As comunidades anfitriãs resistiram à divisão da terra, e as famílias reassentadas temiam conflitos futuros. Em Moçambique, a terra é sagrada; está ligada aos antepassados. Essas dinâmicas culturais foram completamente ignoradas. Mas, para mim, algo mais foi subestimado: as comunidades receberam compensação financeira durante um período de conflito. O que você faz com o dinheiro em tempos de incerteza?
Você está se referindo ao infame ataque do grupo jihadista em março de 2021?
Sim. No final de março de 2021, islamitas atacaram a cidade de Palma, localizada nas proximidades do território da Total, e conseguiram ocupá-la por vários dias. Mais de 1.500 pessoas morreram — confirmado por pesquisas domiciliares —, mas o governo e a Total continuam falando apenas de "dezenas de mortes". Durante o ataque, mais de 800 soldados protegeram o local do projeto, enquanto apenas 10 a 40 soldados guardavam as aldeias. A população correu para o local do projeto, mas foi impedida. Soldados mal treinados e mal pagos cometeram abusos — extorsão, estupro e agressão. Esses crimes permanecem impunes pelos tribunais locais, e agora recorreremos às Nações Unidas. A conduta das forças armadas demonstrou claramente que o governo está agindo no interesse da Total.
Quais são os riscos enfrentados por aqueles que se opõem ao projeto?
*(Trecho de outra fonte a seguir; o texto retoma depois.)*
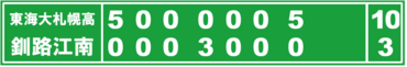 両校2イニング無得点が続いた後の七回。東海大札幌打線から再び快音が連発した。2死一塁から4番のマーティン・アンドレ・キャメロン二塁手(3年)の左翼線適時二塁打をゴングに、長短5連打で5得点。守備でも五回から3番手で登板した矢吹太寛投手(2年)が3者連続四球を出しながら七回まで3イニング無安打無失点投球を続け、釧路江南の反撃を許さなかった。
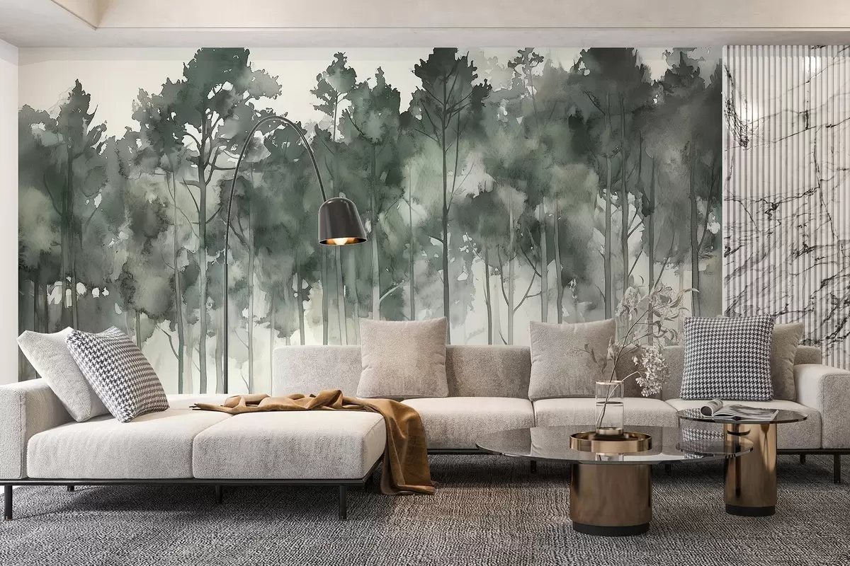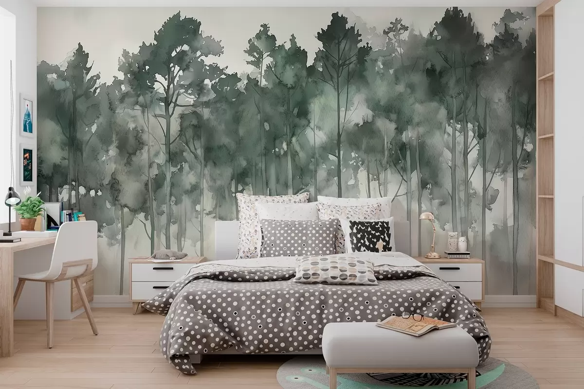 Τοιχογραφίες Ακουαρέλα στυλ δάσος, πεύκα, τοπίο της φύσης, πράσινα χρώματα Nr. w02937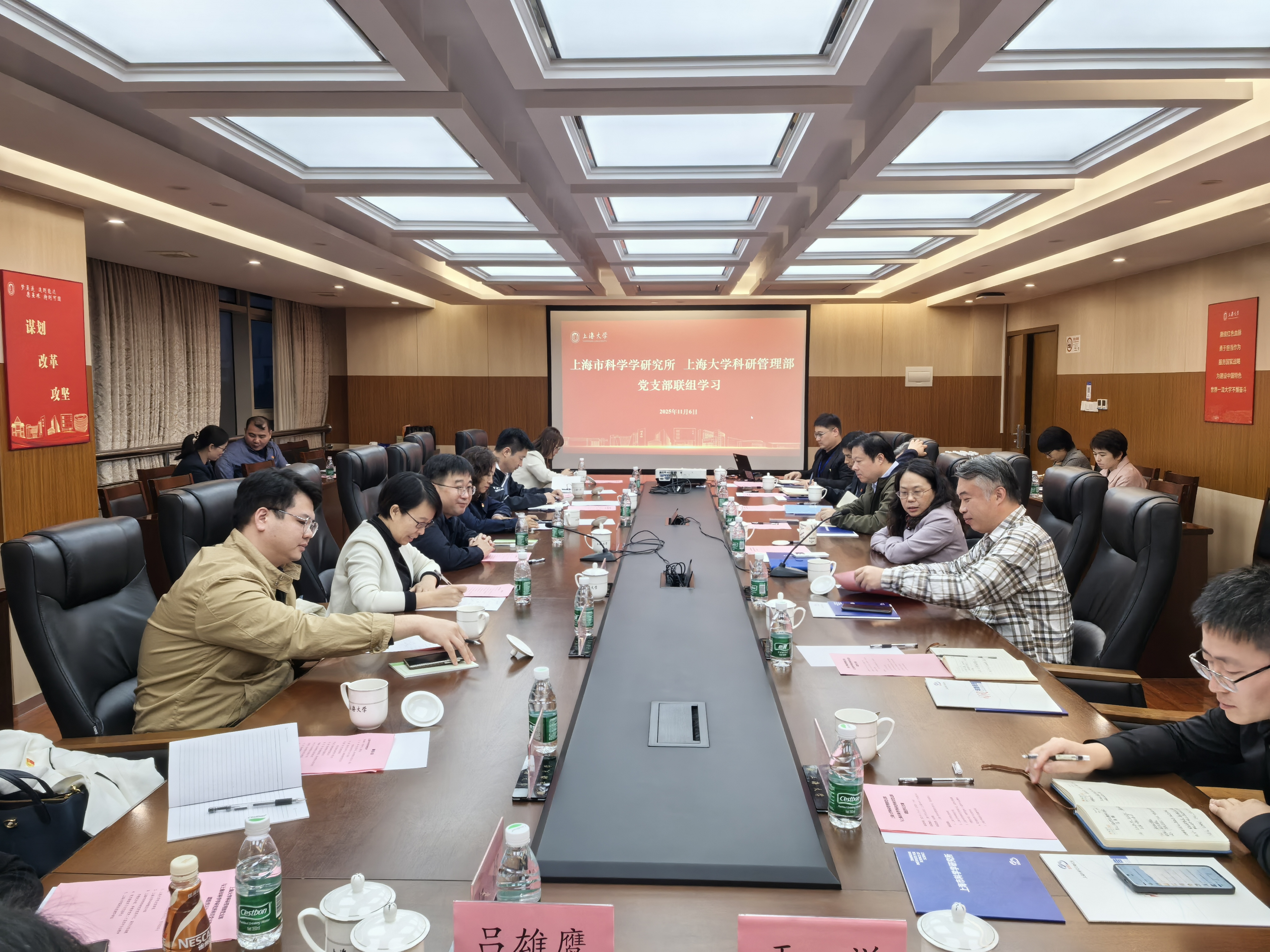 2025年11月6日,上海市科学学研究所第一、第四党支部赴上海大学宝山校区,与上海大学科研管理部党支部围绕深入学习贯彻党的二十届四中全会精神开展联组学习。科学学所党委书记、副所长陈海鹏和上海大学副校长张建华出席此次联组学习,会议由上海大学科研管理部党支部书记、常务副部长张新鹏主持。
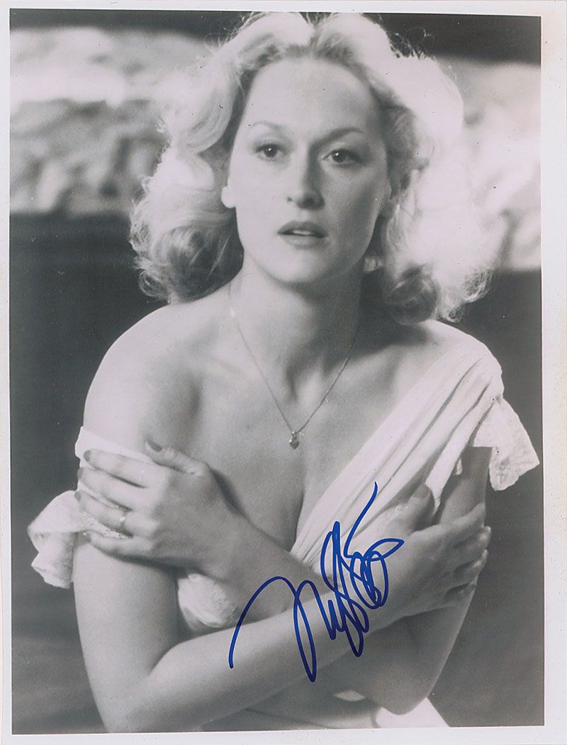 Satin-finish 10.5 x 14 photo from Sophie’s Choice, signed in person in blue felt tip. In very fine condition.

Falar abertamente é perigoso – ativistas e jornalistas desapareceram. Organizações estão sob pressão para se concentrar em serviços, em vez de prestação de contas e responsabilidade corporativa. Com seu Fundo para a Sociedade Civil de US$ 200 milhões, a Total está aproveitando a oportunidade para se apresentar como uma "organização de ajuda ao desenvolvimento", especialmente após a retirada do programa de desenvolvimento americano USAID e os cortes na ajuda ao desenvolvimento pela Suécia. Como resultado, comunidades e candidatos a esse fundo são forçados a manter boas relações com a Total para acessar os fundos.
O projeto da Total também traz desafios ecológicos, não é?
Do ponto de vista ecológico, o projeto apresenta sérios riscos. A água de lastro introduz espécies invasoras. A poluição sonora e luminosa afeta a vida marinha, incluindo os celacantos, espécies ameaçadas de extinção. As avaliações de impacto ambiental omitem a modelagem do condensado de gás do fundo do mar, que pode ser mais tóxico do que o petróleo. Entre 200 e 300 estudos relevantes sobre os impactos ambientais da extração de gás na área não foram mencionados ou foram excluídos das avaliações de impacto ambiental. Em uma região onde 80% da população depende da agricultura e da pesca de subsistência, os danos ecológicos ameaçam diretamente a sobrevivência.
Como a solidariedade internacional pode ajudar os ativistas e as comunidades que lutam contra este projeto?
A solidariedade internacional deve desafiar acordos extrativistas, tratados injustos de investimento e subsídios aos combustíveis fósseis. A África deve ter a oportunidade de se industrializar, ascender na cadeia de valor e regular sua própria economia. A sociedade civil deve ser protegida e as vozes globais devem pressionar os bancos públicos, amplificar as vozes locais e rejeitar falsas soluções climáticas. Empatia e ação coletiva — e não medo — são o caminho a seguir.